Owner argues dogs' case before board

N. Laurel couple appeals pit bull fine of $600

May 19, 1999|By Jamal E. Watson | Jamal E. Watson,SUN STAFF

Last week, a North Laurel couple were fined $700 after one of their dogs was declared a public nuisance by the Howard County Animal Matters Hearing Board.

On Thursday, the couple were fined $600 after another of their dogs, a pit bull named Cinnamon, escaped from their property and ran through the neighborhood.

Last night, Vincent Gibson appealed the $600 fine and asked the board to dismiss the citation issued by an animal control officer.

Gibson said he suspects that neighbors might have freed Cinnamon, who was chained to a pole in the front yard, and then called police to report that the dog was running free.

"How the dog came out of the collar is a mystery," Gibson told the board. "I don't trust people in my neighborhood. It's very possible that someone could have done this."

"I love these dogs," he said. "To think that I would neglect these dogs, or that my children would neglect the dogs, is ludicrous."

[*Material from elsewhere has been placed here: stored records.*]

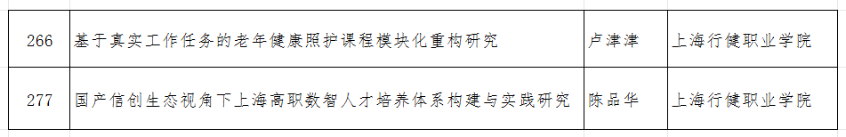 近日,《2026年度上海市教育科学研究项目拟立项名单网上公示》发布,学校信息技术与智能制造学院陈品华院长主持的《国产信创生态视角下上海高职数智星空体育网址入口体系构建与实践研究》以及智慧康养与教育学院卢津津老师主持的《基于真实工作任务的老年健康照护课程模块化重构研究》两项课题成功获批立项,彰显了学校在教育科学研究领域的扎实积淀与鲜明特色。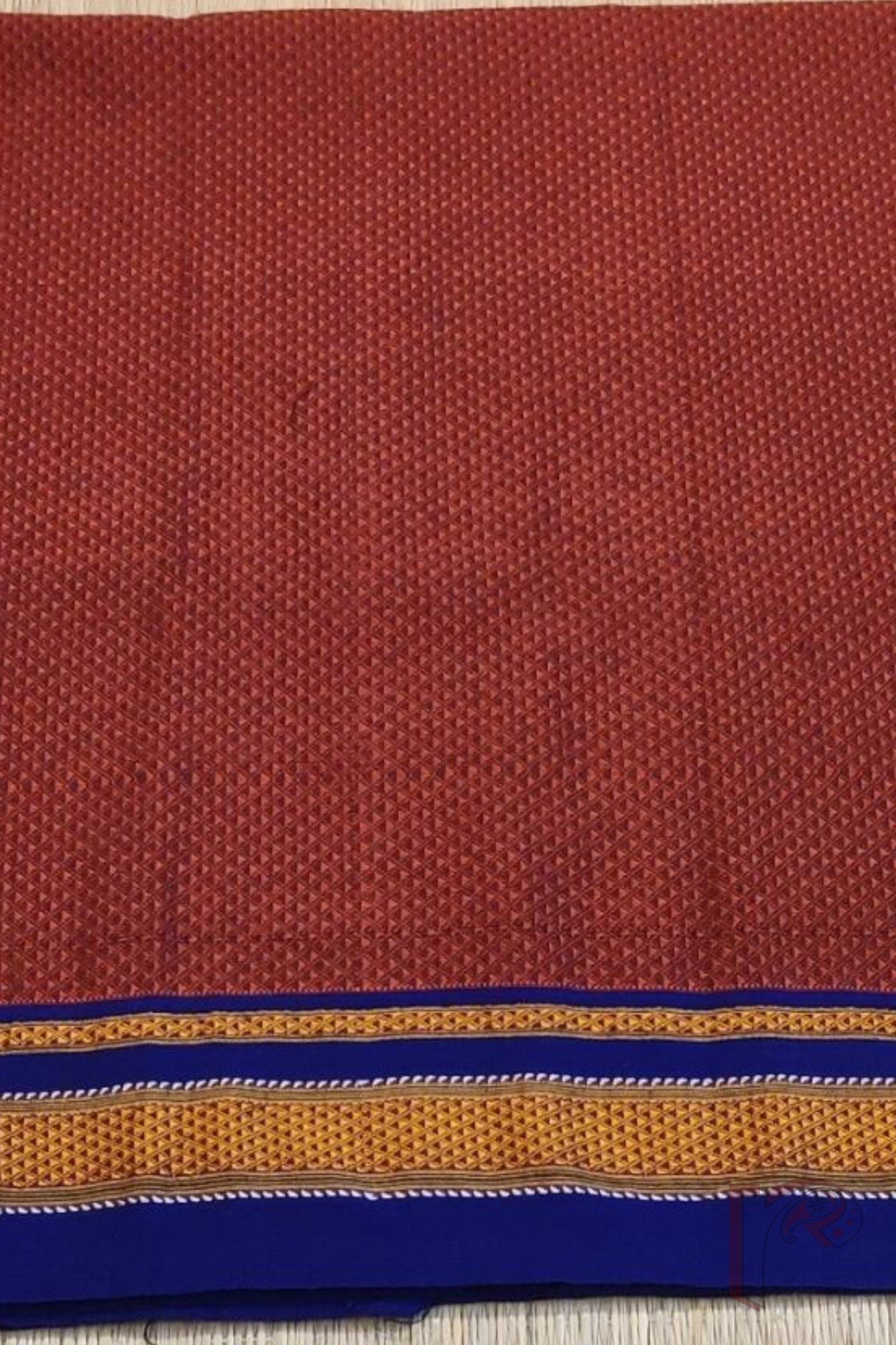 A deep maroon Khun weave blouse piece elevated with a stunning blue border intricately woven with gold and white threads. The regal palette paired with the softness of cotton silk makes this a versatile choice for weddings or celebratory occasions. The contrast edge adds a pop of tradition with a bold modern twist.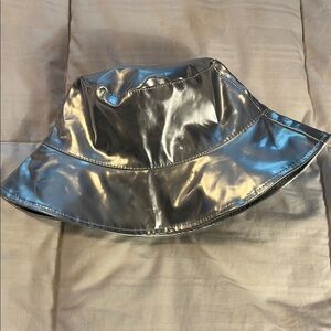 This silver bucket hat features a glossy finish that catches the light beautifully, adding a touch of elegance to any outfit. Its classic shape is complemented by a flexible brim, ensuring both style and comfort. Perfect for accessorizing any look with a hint of shine. Boutique overstock.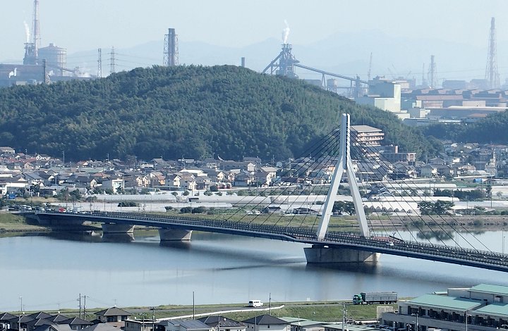 いつもながら、イィ景観です。我が町を見下ろしておりますと、心が和みます。この日も芦田川の川面が大変穏やかでありました(^-^)//"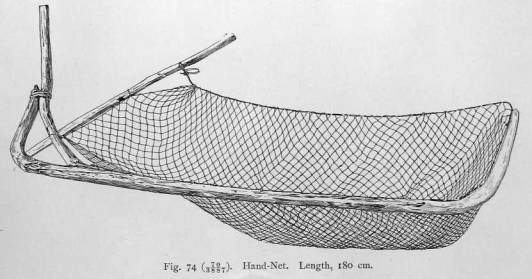 a pole. The fisherman, standing up to his knees in water, drops the net into the river, while holding the free end of the pole with his hands. The Koryak make a hand-net of reindeer-sinew for the purpose of catching tom-cod in small rivers. When it is in use, one fisherman stands in the water and holds the net, while another drives the fish into it. Fig. 75 represents a scoop-net for Salmo socμalis and herring.

Cinnamon escaped from the front yard days after the board declared that the couple's other pit bull, Diamond, was dangerous.

The board had ordered the Gibsons to "take all precautions to assure that all four of their dogs are confined to the property and not allowed to run at large off the property."

Cinnamon was caught by animal control police and is being held at the county animal shelter.

For months, residents who live on Washington Avenue and other streets have complained that the two pit bulls and the Gibsons' other dogs -- a German shepherd and schipperke -- have terrorized the neighborhood and they are loath to venture outdoors for fear of being bitten.

Gibson said the neighbors' complaints are groundless, and he does not believe any of his dogs attacked residents. Gibson, who is black, said his family is being targeted because of race.

The board ruled this month that Diamond, when outside the home, must be muzzled at all times and cannot be outdoors for more than four hours at a time.

Under the board's ruling, only individuals age 18 or older are permitted to walk Diamond, which precludes the Gibsons' four children, who are minors.

An animal control officer who responded to the Gibson home after Cinnamon was reported running free said that when she looked into the fenced-in back yard, Diamond was not wearing a muzzle.

Gibson said that for the past week the dog has been ill and vomiting and his veterinarian advised him not to put the muzzle on the dog.

Brenda Purvis, executive secretary of the Animal Matters Hearing Board, asked the board to impound Diamond.

"I am very alarmed," said Purvis. "This dog has been sick for more than a week and nothing has been done. I am concerned for the dog's welfare as well as the safety of the community."

The board has 30 days to rule on the appeal.